So I tucked my hair up under my hat and I went in to ask him why… He said you look like a fine upstanding young man, I think you’ll do… So I took off my had I said imagine that, huh, me working for you! Woah…

Sign sign everywhere a sign… do this, don’t do that.. can’t you read the sign?

Signing off……. Love, Victurd.

The News..........

13 yr old from Pennsylvania wins 'text' competition. Yes, she was able to text the word "supercalifragilisticexpealidocioous" in 15 seconds.

Ya know, sometimes I feel for Maynard pretty good. He's 21, his mother is absent by choice... and sorry world/internet/mom... I think that's pretty fucking shitty.. He had a good day... Interviewed at a local casino... thouroughly excited about the potential... He needs a lift and I'm glad he got it... He even wore "gay" clothes for this... Came home tonight... He was in tears and wouldn't share why... Wasn't the casino had called with "no"... Wasn't 'mom'.. but tears.. We'll get thru it buddy... I loveya... I love how you always ask me about my day - and I feel sheepish when I forget to ask you first... Ya gotta great heart.. and many don't know... well I'm here to tell.... I'm glad you're mine, and I'm glad you're not a text message champ...

Japanese Prime Minister Shinzo Abe visits President Bush. 78 year old Korean lady who was a "sex slave" in World War II protests the visit.. Simply wants the Japanese government to accept responsibility and apologize. Not seeking monetarial gain. She was one of five (she was age 15 at the time) put on a Japanese ship with 300 men. (There were thousands of them I understand.) I'm naive to history sometimes - I never knew this happened. Makes me sad to be a man kinda. How horrific.

Cheat sheets we usedta call 'em. When I was in college - there was a pain in the ass country kid in our Department.. He never passed a test by his lonesome - he always peered over shoulders - mine included. (The dumbass, I had a 2.65 GPA, why look over mine?) He'd even whisper and ask for answers - and I'm reminded of a horse using his tail to swat away a fly. I graduated... applied for teaching position in my hometown district.. Was told "we never hire right out of college - why don't you go get a year at a small school and then come reapply." K. Did. Taught at Platte City. Colors were orange and black. In that one year I bought enough orange and black outfits to last me 37 years. Strolled back in the administration office the next year... And guess who they hired right outta college for the job? Uh huh, the pain in the ass cheating country kid. That was 30 years ago - he's now athletic director and (Victor don't be bitter!) still the biggest suckass/kissass you'd ever wanna meet.

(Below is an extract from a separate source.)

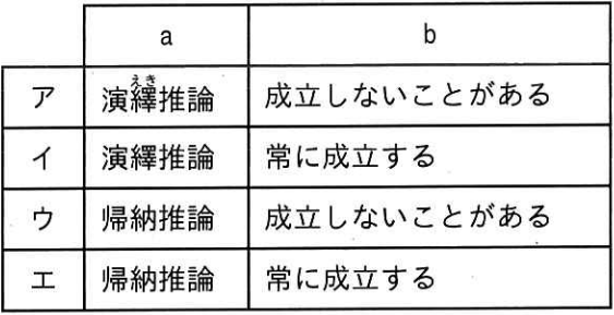問題文の「個々の事例を基にして、事例に共通する規則を得る方法」は、個別の観察結果から一般的な規則を作る帰納推論です。帰納推論で得られた規則は、観察した範囲からの一般化なので、例外があり得て成立しないことがあります。したがって、aは帰納推論、bは成立しないことがあるとなり、正解は「ウ」です。

Where were we? Oh yeah, cheating. Cheat sheets. Answers on the brim of a ballcap. Cell phones. Now, kids are using IPods to record test answers aheada time... sneak the earpiece in... and jualah... instant A. 17 year old senior says she usedta listen to IPods after taking tests... "You can just thread the earbud up your sleeve and then hold it to your ear like you're resting your head on your hand," she said. "I think you should still be able to use iPods. People who are going to cheat are still going to cheat, with or without them." Again, Maynard, I love ya. Maybe our problems ain't so bad.

Ok... I promise more upbeat stories tomorrow... You know, maybe like two deer going to visit old folks inside a nursing home (unescorted.) Did you see that one? Bizarre. Happy weekend. Loveyamuch, Victurd.

Thursday, April 26, 2007

Days... for grins... it'd help if u read 'em bassackwards (the one below first!)

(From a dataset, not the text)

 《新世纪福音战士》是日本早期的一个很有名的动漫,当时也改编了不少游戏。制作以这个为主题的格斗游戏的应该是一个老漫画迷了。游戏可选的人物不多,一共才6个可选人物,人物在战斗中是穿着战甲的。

To get a grasp on 1,000 days... here's some other tidbits..

Most consecutive days without food... 90... Herbert M. Shelton...

Cal Ripken played in 2,632 consecutive games (but had off-seasons, rainouts and off days.)

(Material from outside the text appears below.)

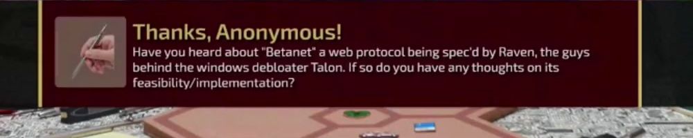 Have you heard about “Betanet” a web protocol being spec'd by Raven, the guys behind the windows debloater Talon. If so do you have any thoughts on its feasibility/implementation?

Number of consecutive days of rain, 28.

730 days... average lifespan of a garter snake...

Forrest Gump actually ran for 1,170 consecutive days, but too he got to go home and doink Rita Wilson many of those nights....

438 consecutive days in space... Russian astronaut Polyakov...

162 days of 100 degree plus weather... Australia... October 30, 1923 to April 7, 1924

11,775 consecutive bad hair days... Don King (Began career in 1972)...

33 consecutive days without sleep... some dude on the internet claims in his blog..

365 days.......... life expectancy of a wild mouse...

862 days... length of time, after transfers, withdrawals.. of my freshman year in college

996 bottles of beer on the wall.. 996 bottles of beer..

1000 Days At Sea (Remember, it's 1000days.net)

This could be better than The Young and the Restless... more staying power than Susan Lucci....

Tidbits... You remember night one "the ethereal beaty"... uh huh...

Day two:

Reid: Since there is a strong feeling of G-forces due to that fact that we are heeling(leaning) over and sailing fast, we’ve put some big cushions in the pilothouse so we can sit in soft comfort on the low side. I want us to be as comfortable as possible so that we don’t get tired out. I move slowly and carefully as I work around the schooner and try to show Soanya how to move with the least amount of effort.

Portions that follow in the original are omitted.